### [AIM OF THE EXERCISE]
When you copy from the entries that follow, take only the lines from the one with "are always welcomed to make it ultra-big." down to the one with "Figure 2: M2-MAYA-W161", keeping both ends and dropping every picture.

### [EXERCISE MATERIAL]
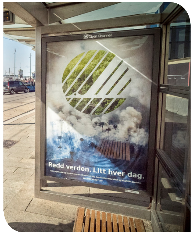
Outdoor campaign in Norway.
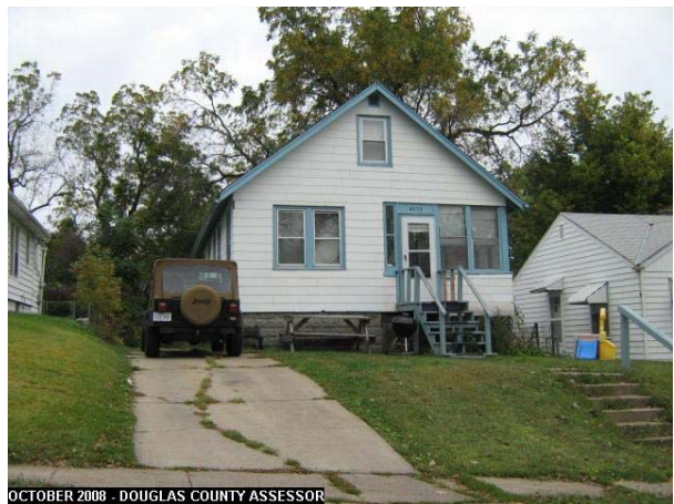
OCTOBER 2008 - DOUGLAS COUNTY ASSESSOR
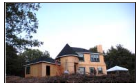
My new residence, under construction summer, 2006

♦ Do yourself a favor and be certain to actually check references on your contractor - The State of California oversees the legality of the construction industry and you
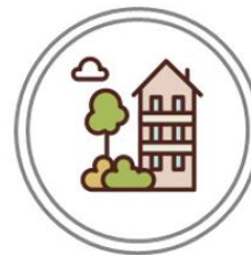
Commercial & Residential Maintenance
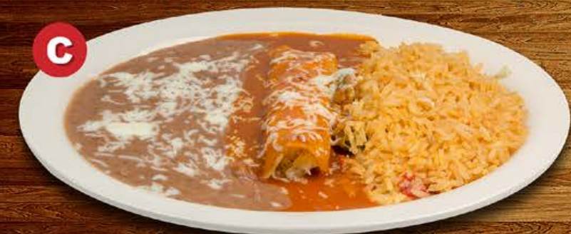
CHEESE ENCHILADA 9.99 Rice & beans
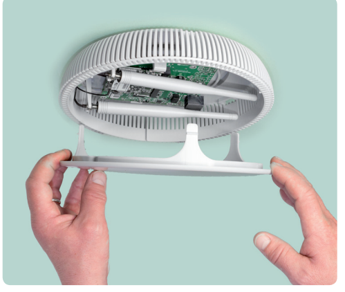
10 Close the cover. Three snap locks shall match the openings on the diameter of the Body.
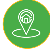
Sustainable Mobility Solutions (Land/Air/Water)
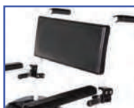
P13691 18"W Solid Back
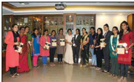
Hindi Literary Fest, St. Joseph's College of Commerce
--
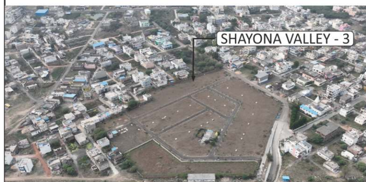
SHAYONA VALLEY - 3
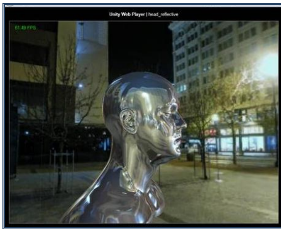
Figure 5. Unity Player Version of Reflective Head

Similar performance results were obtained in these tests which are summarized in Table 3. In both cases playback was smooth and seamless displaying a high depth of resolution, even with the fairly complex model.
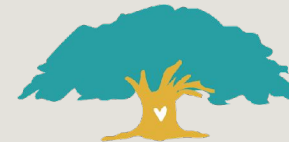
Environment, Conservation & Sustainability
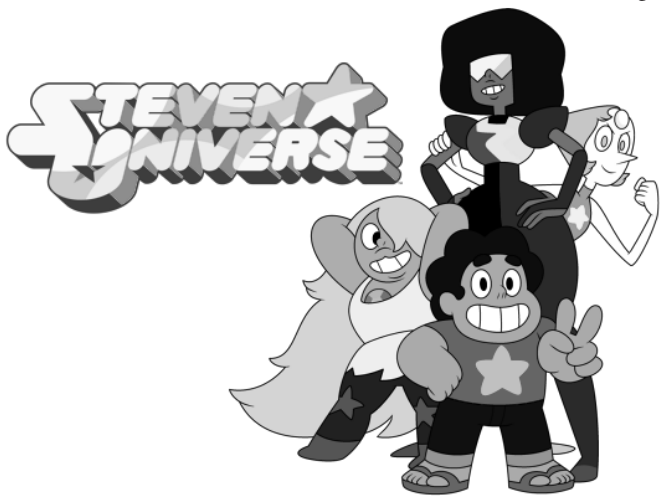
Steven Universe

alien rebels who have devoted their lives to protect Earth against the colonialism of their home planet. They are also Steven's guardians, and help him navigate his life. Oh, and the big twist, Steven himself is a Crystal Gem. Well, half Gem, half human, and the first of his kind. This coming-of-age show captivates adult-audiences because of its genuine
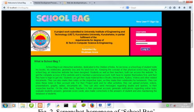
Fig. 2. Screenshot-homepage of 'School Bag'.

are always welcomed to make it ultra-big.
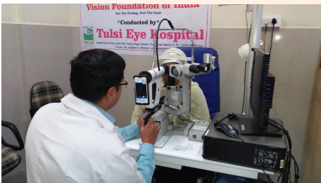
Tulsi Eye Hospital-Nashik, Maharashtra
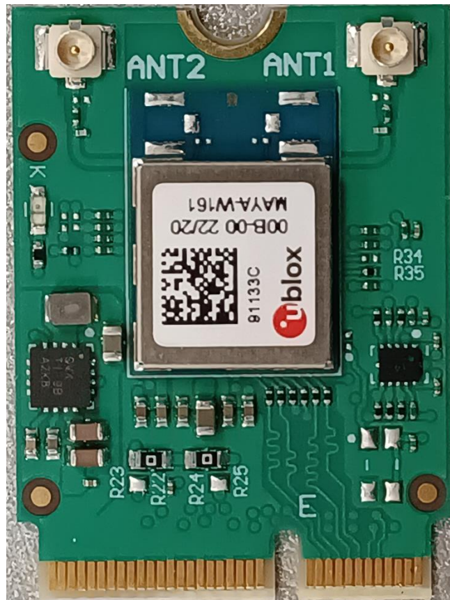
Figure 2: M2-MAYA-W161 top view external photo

### [ANSWER SPACE]
are always welcomed to make it ultra-big.
Tulsi Eye Hospital-Nashik, Maharashtra
Figure 2: M2-MAYA-W161 top view external photo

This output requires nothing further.